Microsoft 365 Copilot demonstrates how large language models can deliver helpful experiences across apps while safeguarding private data. The orchestration engine targets relevant information while the LLM generates responses without retaining that sensitive context. This privacy-focused approach allows organizations to benefit from AI while maintaining control over their information.

FAQ

Q: How does Microsoft 365 Copilot gain knowledge?
A: Copilot gains knowledge through training on massive public datasets like books, articles and websites. It does not retain or learn from private enterprise data.

Q: How does Copilot access my organization's data?
A: The Copilot orchestration engine retrieves relevant enterprise information based on permissions, relationships and activities in Microsoft 365. It provides this info to the LLM via prompts.

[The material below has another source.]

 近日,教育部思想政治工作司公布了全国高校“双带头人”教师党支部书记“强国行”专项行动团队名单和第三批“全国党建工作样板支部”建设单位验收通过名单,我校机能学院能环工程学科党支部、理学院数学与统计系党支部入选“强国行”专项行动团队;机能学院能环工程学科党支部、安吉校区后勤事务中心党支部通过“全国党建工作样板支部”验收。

Q: Does Copilot retain my private data?
A: No, Copilot does not retain prompts containing private data nor use them to train the LLM models. Prompts are temporary and forgotten after use.

Q: Can Copilot read all my organization's documents?
A: No, Copilot respects individual user permissions and will only access documents you have access to while using the feature.

Q: Is Copilot safe and private?
A: Yes, Copilot's orchestration and permissions model ensures it only accesses information you have access to. Data is not retained or used for training.

Q: How does Copilot help save time?
A: Copilot automates multistep workflows like searching, retrieving and summarizing data into concise responses and can generate content drafting leveraging your existing documents.

Q: What Microsoft apps support Copilot?
A: Copilot capabilities are available across Microsoft 365 apps like Outlook, Word, PowerPoint and Teams to enhance productivity.

Q: Is Copilot using the public ChatGPT API?
A: No, Microsoft 365 Copilot uses private instances of LLMs via Microsoft's Azure OpenAI service, not the public ChatGPT.

Q: Where can I learn more about Copilot?
A: Visit Microsoft Mechanics on YouTube for more Copilot demo videos and aka.ms/MicrosoftResponsibleAI for details on responsible AI.

Q: When will Copilot be available?
A: Copilot is currently in limited preview. Check with your Microsoft account team for availability.